YOUR ASSIGNMENT
The data below should be retyped exactly, with the pictures left out.

RECORDS FOR THE TASK section start

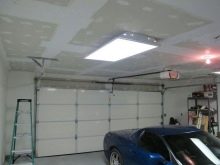 Когато планирате довършването на тавана и неговата изолация, не трябва да забравяте и за висококачественото осветление. Обикновено в гараж осветителните тела се монтират не само на тавана, но и на противоположните стени. Всяко такова устройство трябва да се включва и изключва отделно, за да отговаря на функционалността на помещението; не се препоръчва да се използва „носене“ в гаража.
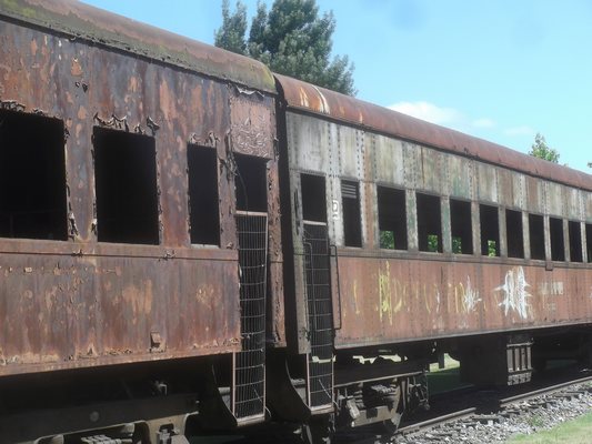 "........... Dromende en vooral weerloze roestende treinstellen zat in het museum ............."
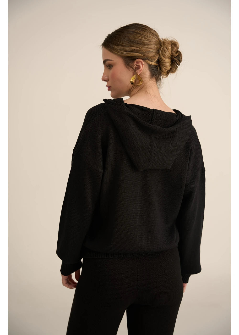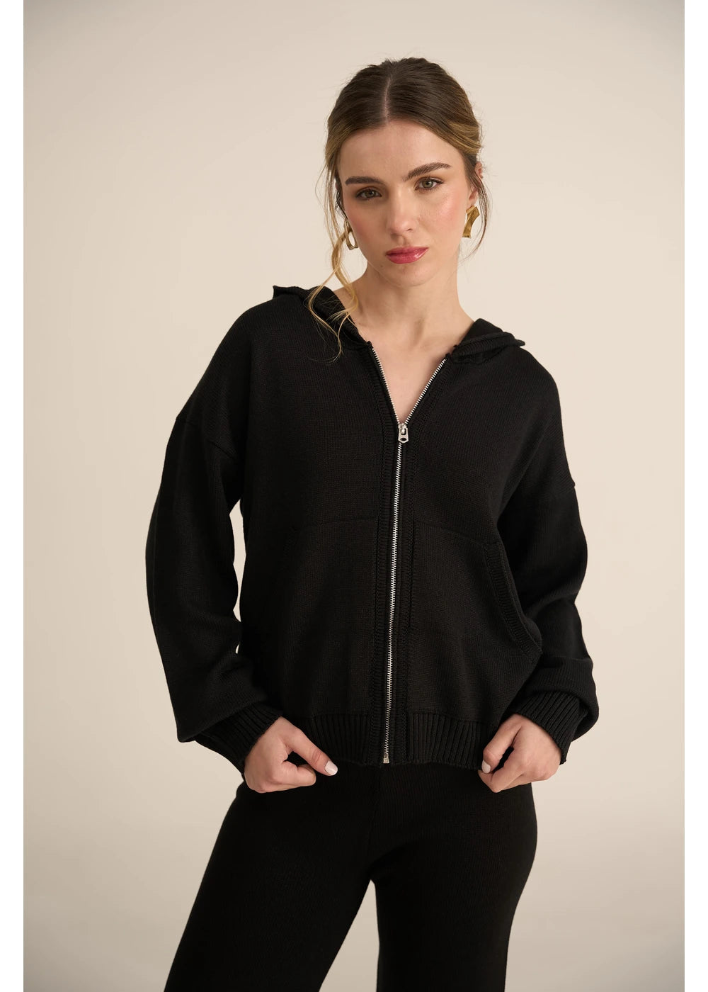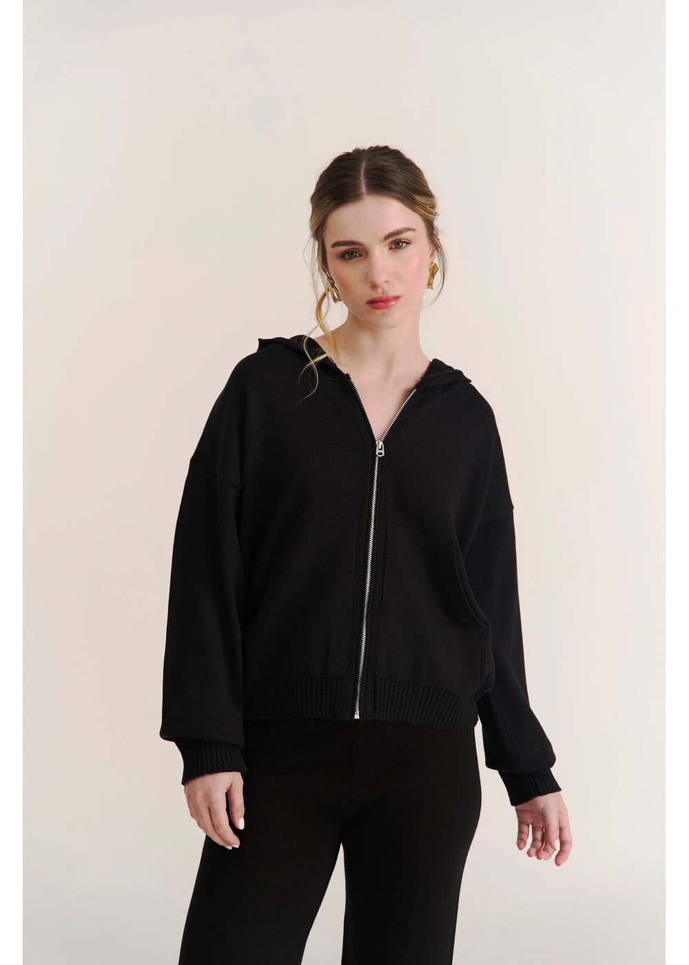 Chaqueta en fibras vegetales con capucha y cierre frontal en cremallera.
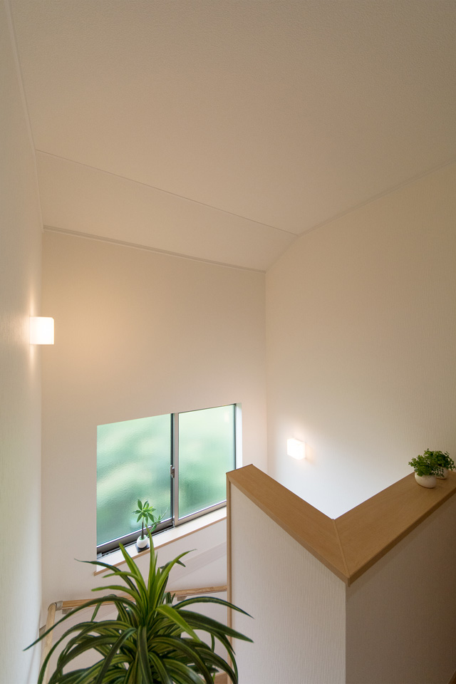 大きな窓をしつらえた、明るく開放感のある階段。
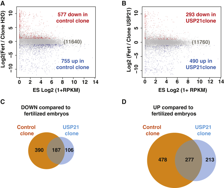 Figure 6. USP21 Improves Transcriptional Reprogramming of Two-Cell-Stage Cloned Mouse Embryos(A) MA plot showing log fold change in gene expression between fertilized embryos and ES clone embryos (logFC, y axis) against the log of gene expression in cultured ES (logCPM, x axis). Differentially expressed genes are shown in red and blue for genes downregulated and upregulated in clones compared to fertilized embryos, respectively (FDR < 0.05, three experiments).(B) Same as (A) except that USP21 was overexpressed in the cloned embryos.(C and D) Venn diagram indicating the overlap between the downregulated genes (C) and upregulated genes (D) in control and USP21 clones. See also Figure S5 and Tables S6 and S7. |
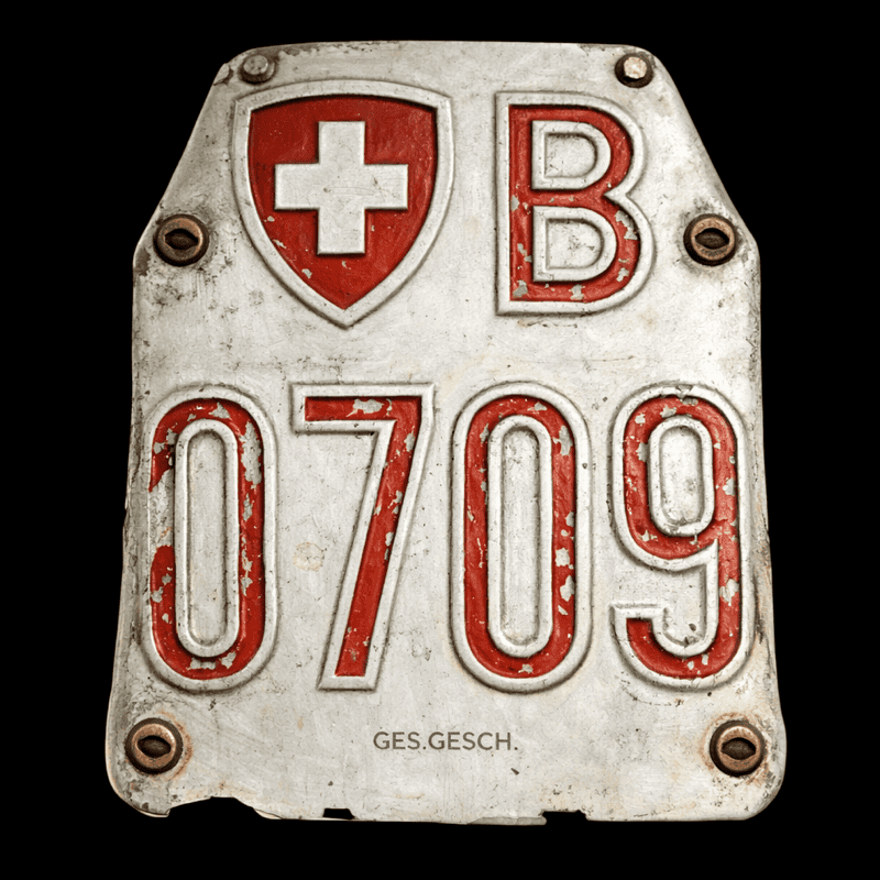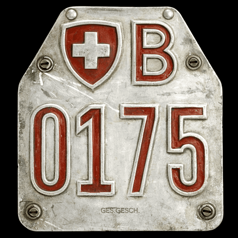 1941 – 1945 = Schweizerkreuz + B + 4 Zahlen (= Rahmennummern 20000 – 29999)
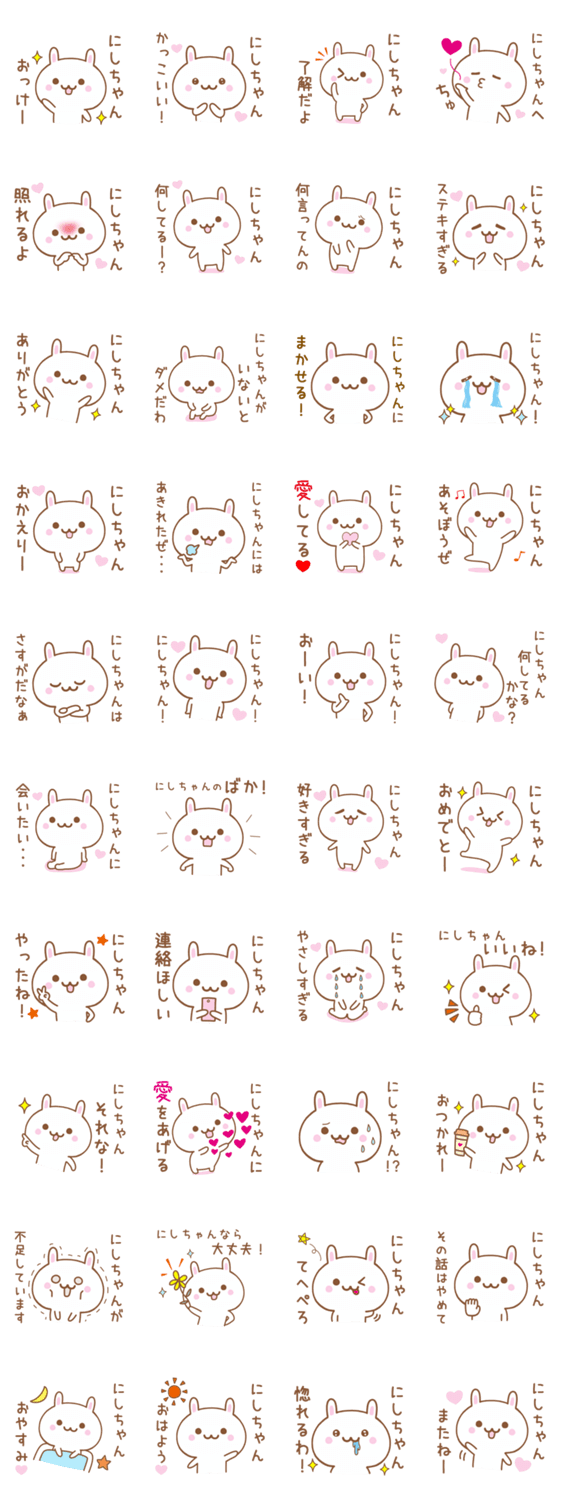 ともだち、家族、恋人など、大切な「にしちゃん」へ送る、ウサギの名前スタンプです。西/西岡/西山/西島
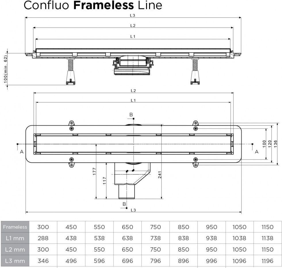 Трап Pestan (BETTOSERB) Confluo Frameless Line 55 см 13701230, хром матовый (под плитку)
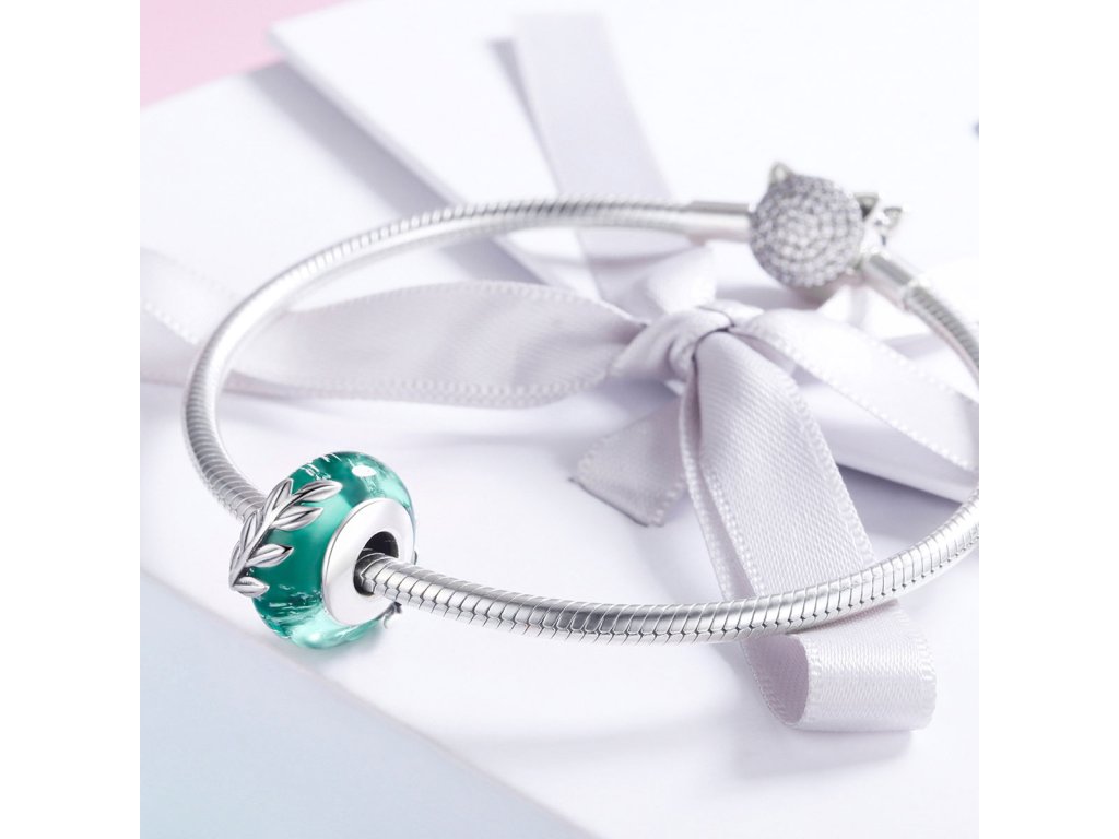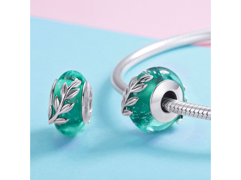 Krásny strieborný prívesok / korálik Murano Kúzlo prírody. Originálny design prívesku, kvalitné spracovanie a materiál, ručne dohotovené.
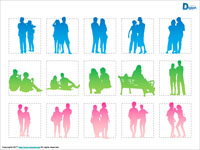 フリー、無料で使えるカップル、夫婦のシルエット画像です。パワーポイントPPTX形式、PNG形式画像で作成しています。制作は主に図形機能を使っています。白黒シルエットとカラーシルエットの2パターン作成しています。
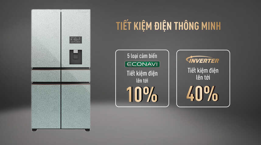 - Cảm biến Econavi thông minh, tự động nhận biết và phân tích thói quen sử dụng của gia đình dựa trên dữ liệu như thời gian mở cửa, nhiệt độ môi trường và mức độ sử dụng. Econavi tự động điều chỉnh chế độ làm lạnh phù hợp, đảm bảo thực phẩm luôn tươi ngon và tiết kiệm năng lượng hiệu quả.
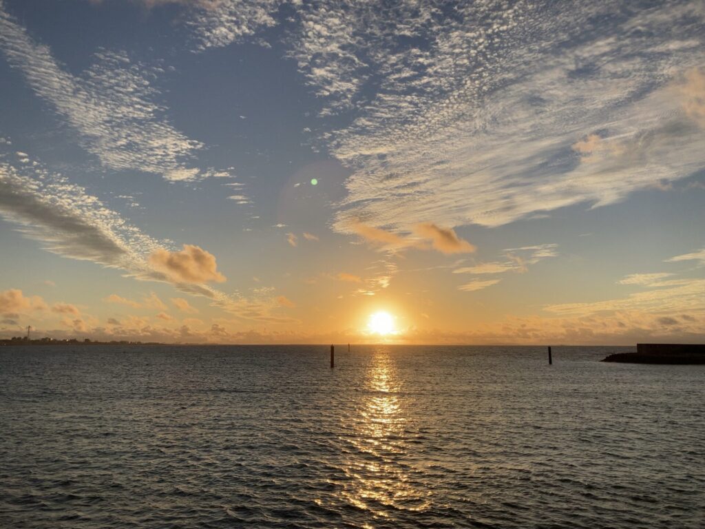 ↓大きな太陽が沈む、美々ビーチ目の前!
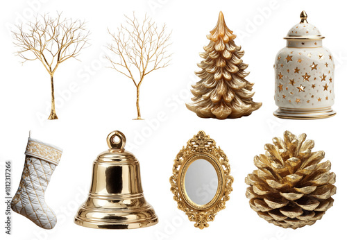Obraz premium PNG Elegant gold Christmas decorations collection, element set on transparent...

RECORDS FOR THE TASK section end

ANSWER FOR THE TASK
 Когато планирате довършването на тавана и неговата изолация, не трябва да забравяте и за висококачественото осветление. Обикновено в гараж осветителните тела се монтират не само на тавана, но и на противоположните стени. Всяко такова устройство трябва да се включва и изключва отделно, за да отговаря на функционалността на помещението; не се препоръчва да се използва „носене“ в гаража.
 "........... Dromende en vooral weerloze roestende treinstellen zat in het museum ............."
 Chaqueta en fibras vegetales con capucha y cierre frontal en cremallera.
 大きな窓をしつらえた、明るく開放感のある階段。
 Figure 6. USP21 Improves Transcriptional Reprogramming of Two-Cell-Stage Cloned Mouse Embryos(A) MA plot showing log fold change in gene expression between fertilized embryos and ES clone embryos (logFC, y axis) against the log of gene expression in cultured ES (logCPM, x axis). Differentially expressed genes are shown in red and blue for genes downregulated and upregulated in clones compared to fertilized embryos, respectively (FDR < 0.05, three experiments).(B) Same as (A) except that USP21 was overexpressed in the cloned embryos.(C and D) Venn diagram indicating the overlap between the downregulated genes (C) and upregulated genes (D) in control and USP21 clones. See also Figure S5 and Tables S6 and S7. |
 1941 – 1945 = Schweizerkreuz + B + 4 Zahlen (= Rahmennummern 20000 – 29999)
 ともだち、家族、恋人など、大切な「にしちゃん」へ送る、ウサギの名前スタンプです。西/西岡/西山/西島
 Трап Pestan (BETTOSERB) Confluo Frameless Line 55 см 13701230, хром матовый (под плитку)
 Krásny strieborný prívesok / korálik Murano Kúzlo prírody. Originálny design prívesku, kvalitné spracovanie a materiál, ručne dohotovené.
 フリー、無料で使えるカップル、夫婦のシルエット画像です。パワーポイントPPTX形式、PNG形式画像で作成しています。制作は主に図形機能を使っています。白黒シルエットとカラーシルエットの2パターン作成しています。
 - Cảm biến Econavi thông minh, tự động nhận biết và phân tích thói quen sử dụng của gia đình dựa trên dữ liệu như thời gian mở cửa, nhiệt độ môi trường và mức độ sử dụng. Econavi tự động điều chỉnh chế độ làm lạnh phù hợp, đảm bảo thực phẩm luôn tươi ngon và tiết kiệm năng lượng hiệu quả.
 ↓大きな太陽が沈む、美々ビーチ目の前!
Obraz premium PNG Elegant gold Christmas decorations collection, element set on transparent...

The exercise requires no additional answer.